SFJAZZ.org | Hiromi in Sonic Wonderland

April 01, 2025

Music Unites Everything: Hiromi in Sonic Wonderland

By Jonathan Curiel

This month, journalist Jonathan Curiel spoke to pianist Hiromi and her frequent collaborator, bassist Stanley Clarke, about Hiromi’s career, her remarkable talent, and her April performances at SFJAZZ with her band Sonicwonder, including a livestream on 4/18.

Hiromi

Hiromi at SFJAZZ, 2022

As she performed her song called “Yes! Ramen!!” last summer at Rome's House of Jazz, Hiromi did something that few other jazz pianists do but is the norm for her: She ran in place as she played — not just for a moment but for full stretches of time as she lifted her feet up and down from the stage and the audience gyrated with her. “Yes! Ramen!!” pays playful homage to the noodles that are an everyday staple in Hiromi's native Japan, and the song has explicit Japanese-sounding riffs, but those riffs meld into the wider miasma of the song itself — with "miasma" an appropriate word since Hiromi’s performances are musically volcanic. Is there another jazz pianist today who will pound the keyboards with their fists (as Hiromi did during her 2021 Summer Olympics performance) and play with such passion, playfulness, and undeniable joie de vivre?

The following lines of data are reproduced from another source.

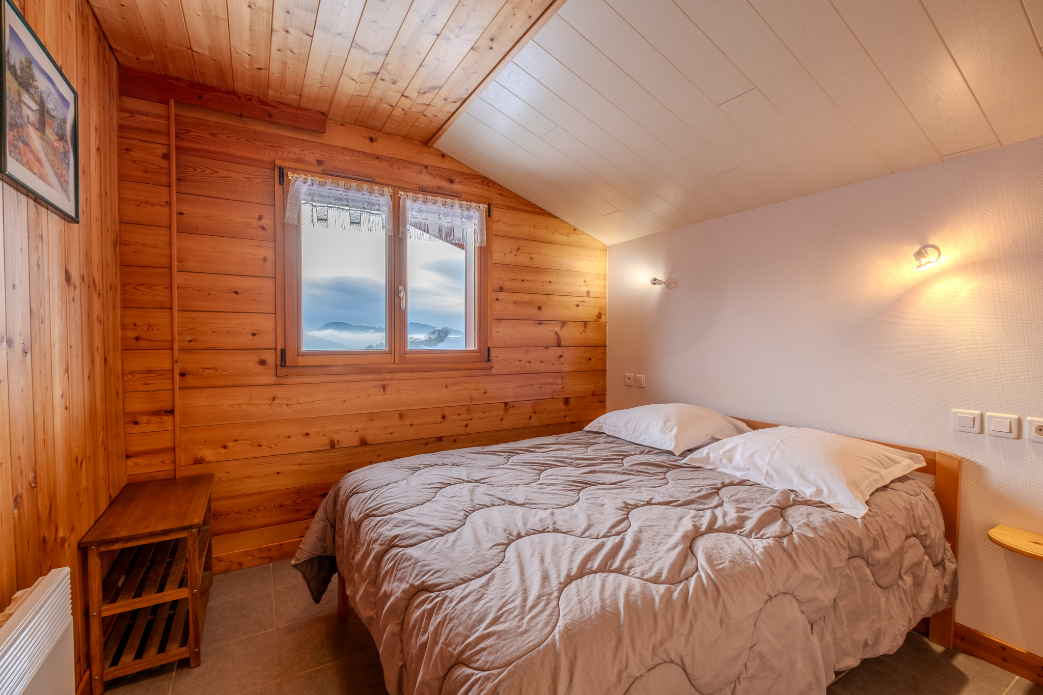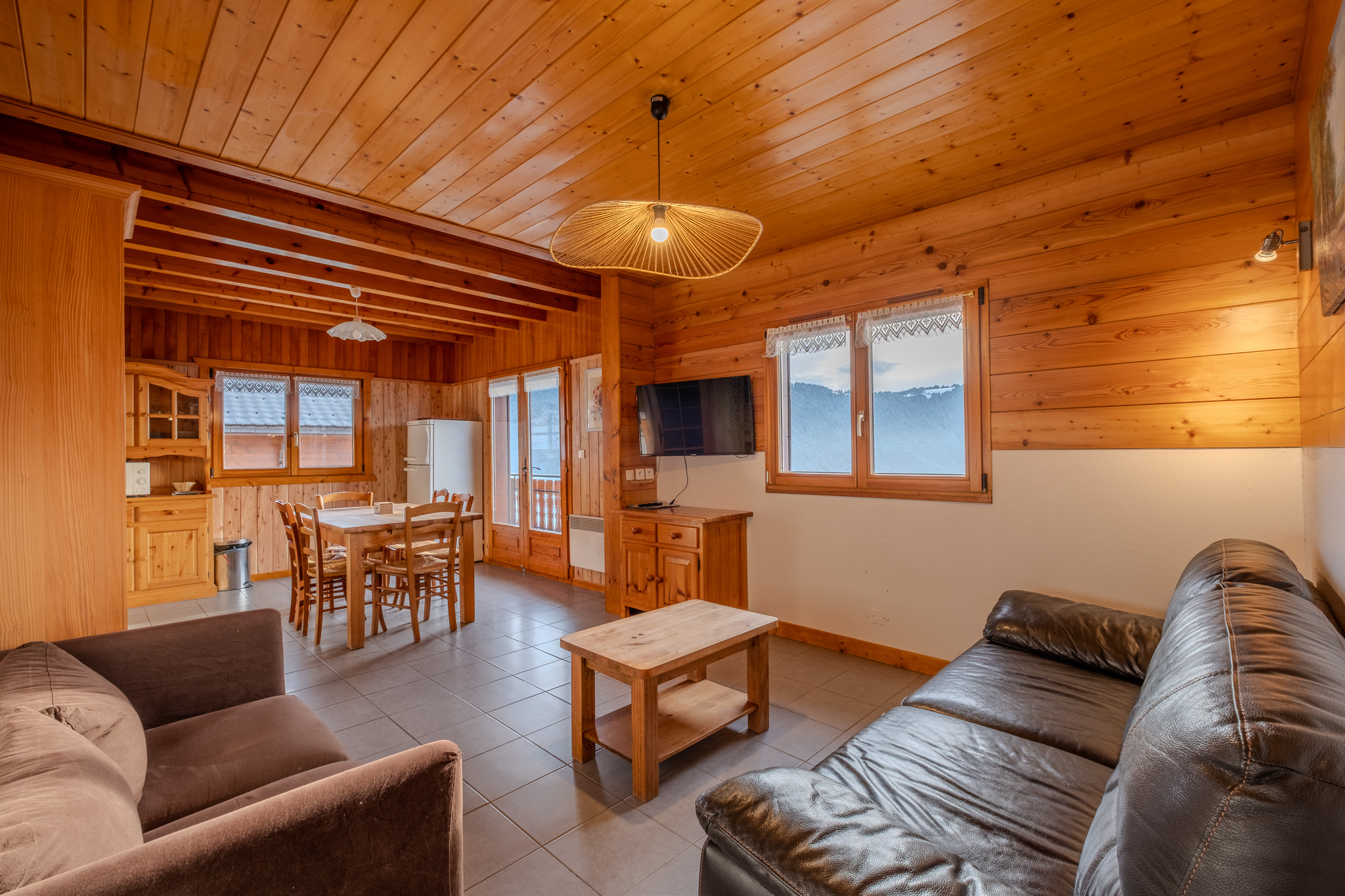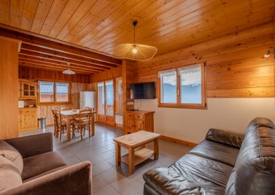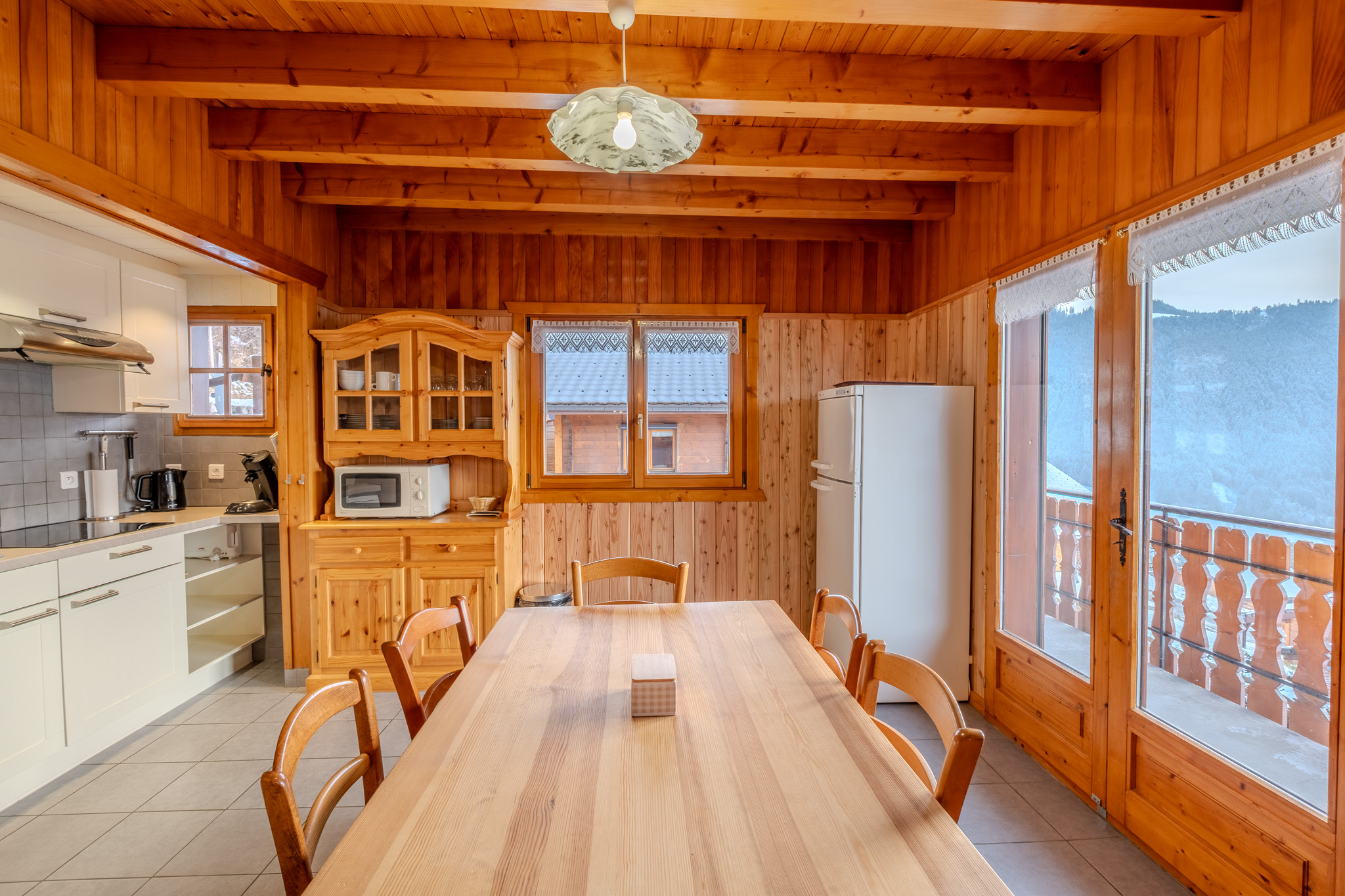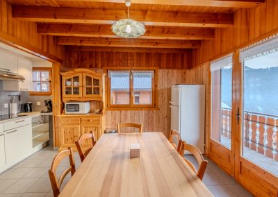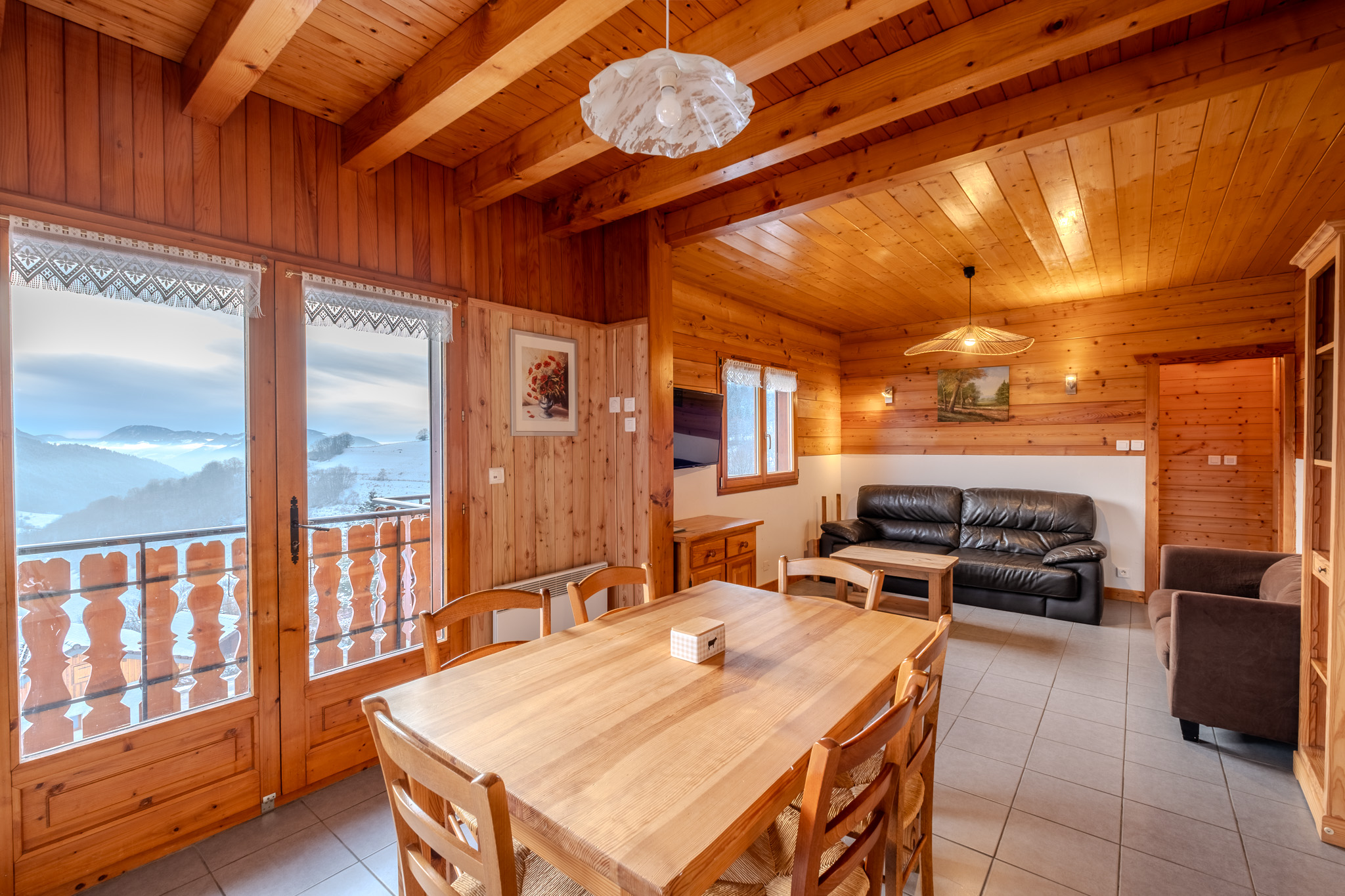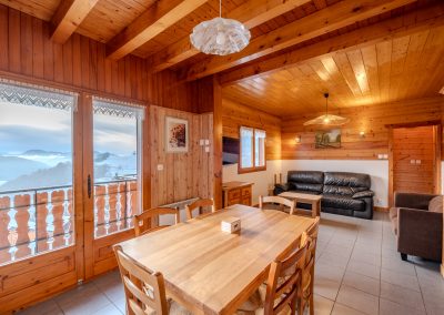 Le chalet dispose d’un balcon aménagé exposé plein sud avec vue sur la vallée et d’une terrasse.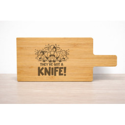 Laserkaiverrettu leikkuulauta, kestävää luonnonmateriaalia.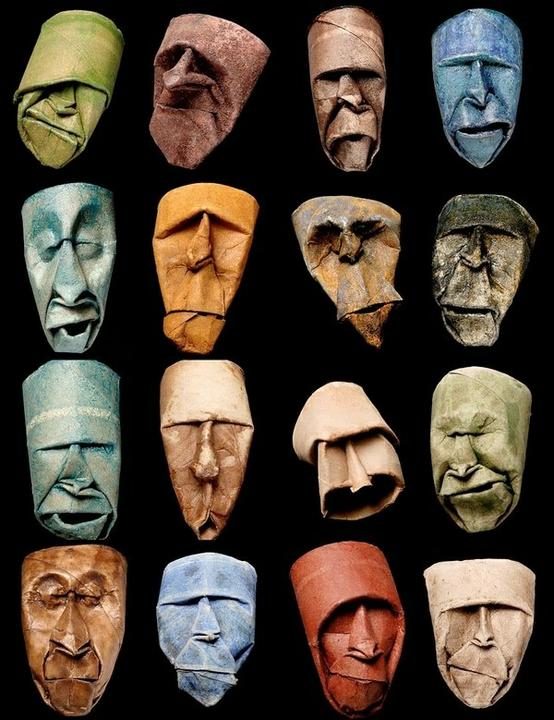 Впрочем, спички далеко не самый неожиданный материал для самовыражения. Художник из Парижа Фриц Джуниор Жаке перешел от обычного оригами к созданию экспрессивных лиц из картонных цилиндров для туалетной бумаги. Автор мнет и красит картон так, что в результате получаются ярко выраженные человеческие эмоции.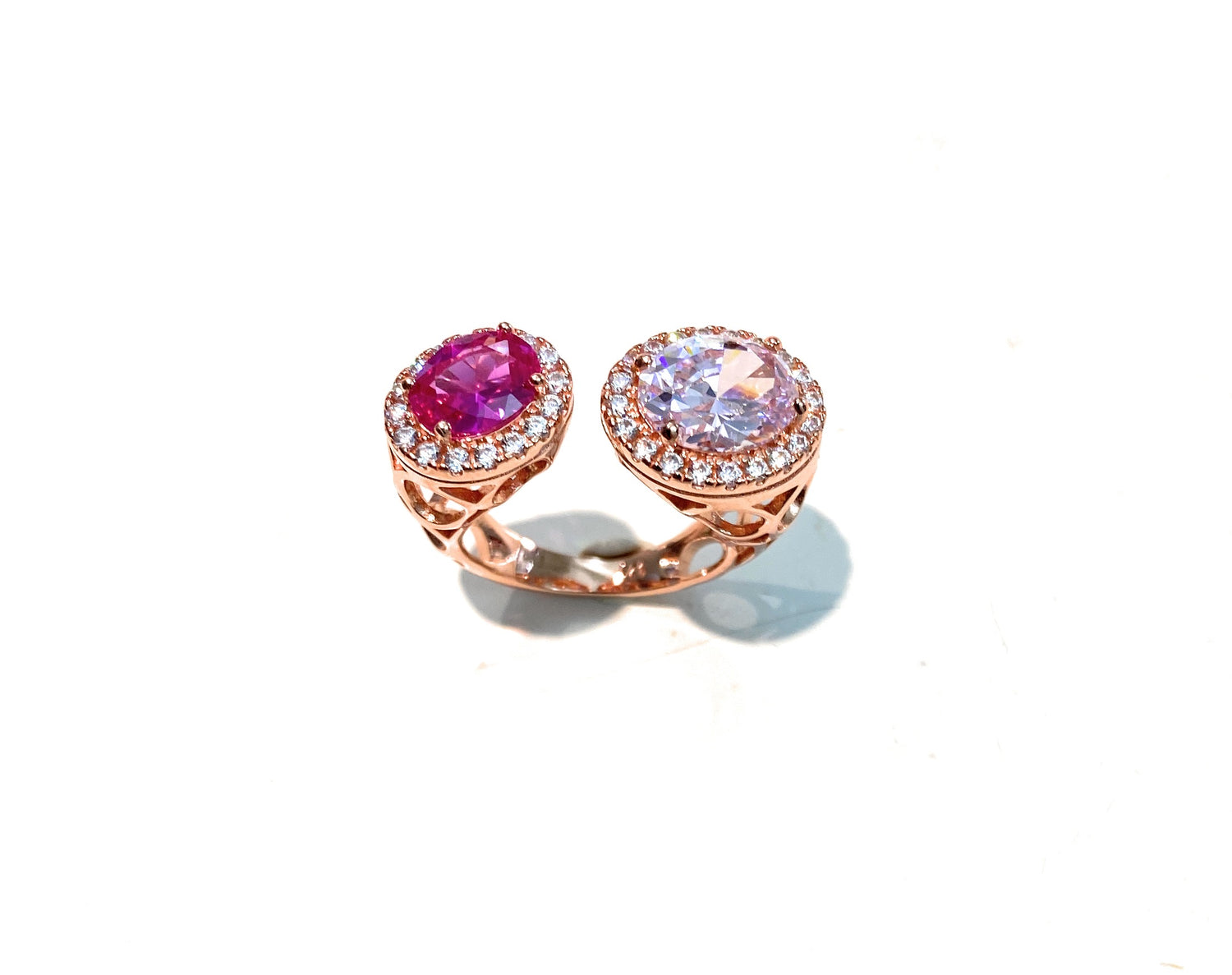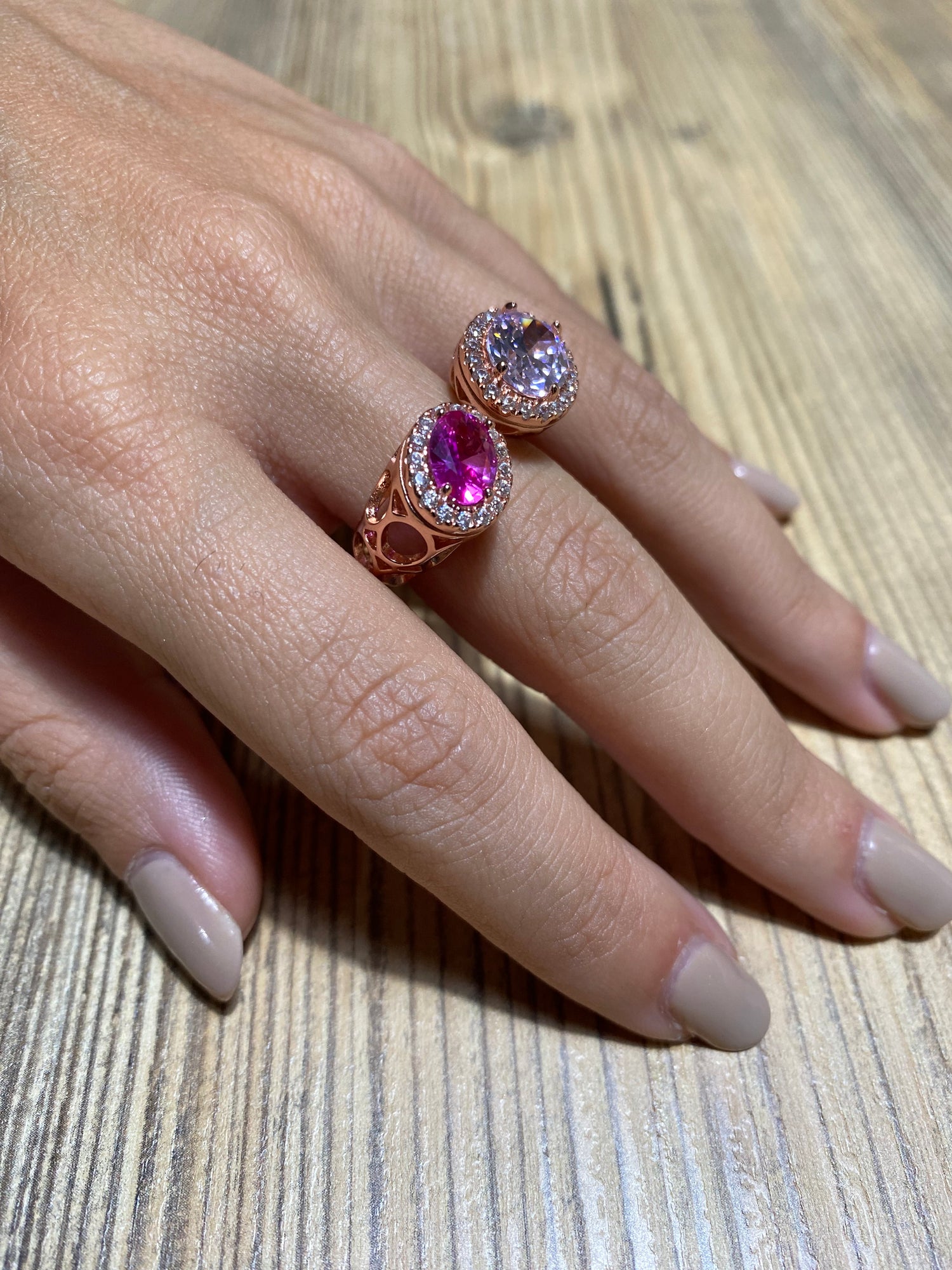 Realizzato in argento sterling 925 con una delicata galvanica rosé, l’anello presenta due zirconi ovali sfaccettati, uno in tonalità fucsia intensa e l’altro rosa più tenue, che si completano in un abbraccio armonioso e luminoso.

Seeing Hiromi in performance — as SFJAZZ fans can do from April 17-20 — is to experience an artist whose manner and mindset will remind them of jazz's long history of standout jazz pianists, including Thelonious Monk, whose on-stage dancing became a hallmark of his improvisational performances. Like Monk and other jazz iconoclasts, though, Hiromi is hard to classify musically since her influences are many — everything from classical music to funk to, yes, such non-musical goings-on as eating ramen in a crowded noodle stop in Tokyo. For Hiromi, anything goes in her songs, which is especially true on her latest album, Out There, and with her latest group, called Sonicwonder — a lineup of musicians from different geographies whose fidelity to both jazz traditions and musical rules-breaking matches Hiromi's. Being funny is part of their approach.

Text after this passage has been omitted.